Great marketing plan, lousy sales strategy

Liz Wendling //March 8, 2012//

Great marketing plan, lousy sales strategy

Liz Wendling //March 8, 2012//

Without a marketing plan, you can’t attract and retain customers. Without good sales techniques and a solid strategy to close those customers, your efforts will be stalled. Your marketing efforts may be producing great leads, but if you don’t know how to switch gears to close the sale, you won’t produce maximum income results. Sales and marketing must work synergistically, not independently, to generate sales. 

Marketing is the process to influence and attract new customers. The sales process is everything you do to close sales and generate revenue.  All the marketing in the world will not yield results if your potential customers aren’t buying what you’re selling.

Many business owners choose to spend thousands of dollars on marketing, yet nothing on the most critical element that makes all that possible. Sales training! For your marketing efforts to be successful, someone has to actually hand you money through a closed sale. And that must happen on a continuous basis.

I’m never surprised when a business owner tells me they’ve spent their budget on advertising, with no money left over for sales training. Few companies have a dedicated budget for sales training. I ask, “Do you want to continue wasting more money attracting more customers that never buy or invest the same money in sales coaching to encourage customers to say yes?”  Resolving the problem of why customers aren’t buying is a problem that is always worth solving.

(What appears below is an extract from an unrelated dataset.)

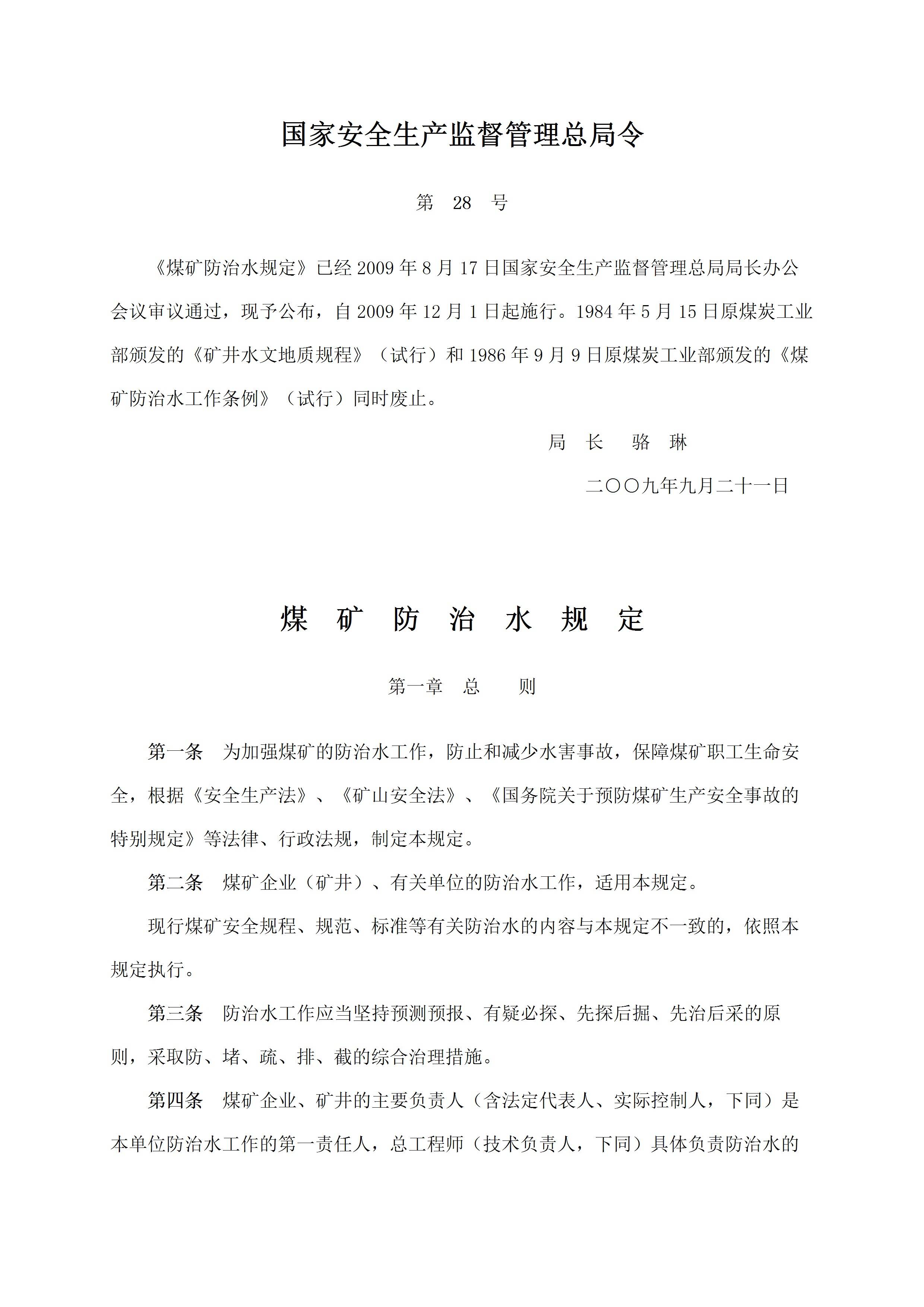 / 28号令煤矿防治水规定[文档版]

I recently worked with a company on a new product launch. They sent out emails, flyers, purchased cable TV advertising and a radio spot. Many new customers took advantage of their free or low-cost ticket to entry offer but very few purchased anything else.  They had a great marketing plan, but had a lousy sales strategy.

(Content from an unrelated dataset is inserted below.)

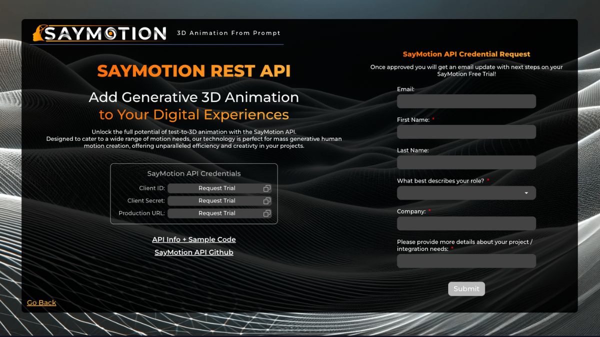 SayMotion API access is currently limited to verified partners. Please sign up for consideration!

Without looking at why their plan failed, they immediately launched into another high cost marketing campaign to reach an even bigger audience.  They were convinced that if they cast a wide enough net and spent more money on marketing that people would rush to buy what they were selling. Wrong. A second attempt and enormous amounts of money later, they realized their marketing was effective but their sales process was disaster. 

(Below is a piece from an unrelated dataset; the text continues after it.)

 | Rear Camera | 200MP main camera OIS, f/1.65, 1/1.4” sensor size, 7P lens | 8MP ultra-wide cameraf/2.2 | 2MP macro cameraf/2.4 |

Together we created a sales process that was smart, solid and would consistently generate results. They’re now reaping the rewards of a great marketing plan combined with a fully functioning sales plan and strategy. 

If your customers aren’t handing you money consistently, that’s a clue that your sales process is inferior or non-existent.  Don’t waste another dime on marketing if you employ a lousy sales process.  It’s easy to design an ad, talk about your product on the radio, send out a coupon or offer a free consultation; the hard part is doing the work to understand the sales process and what it takes for someone to say yes and to say it often.

Understanding the difference between marketing and selling will help focus your efforts and improve your profits. A successful marketing plan working synergistically with a great sales strategy is the perfect partnership. Simply exposing your message to thousands or millions of people doesn’t guarantee success. Investing in sales coaching does that.  It’s the best money you’ll ever invest in your business and it pays for itself through new customers.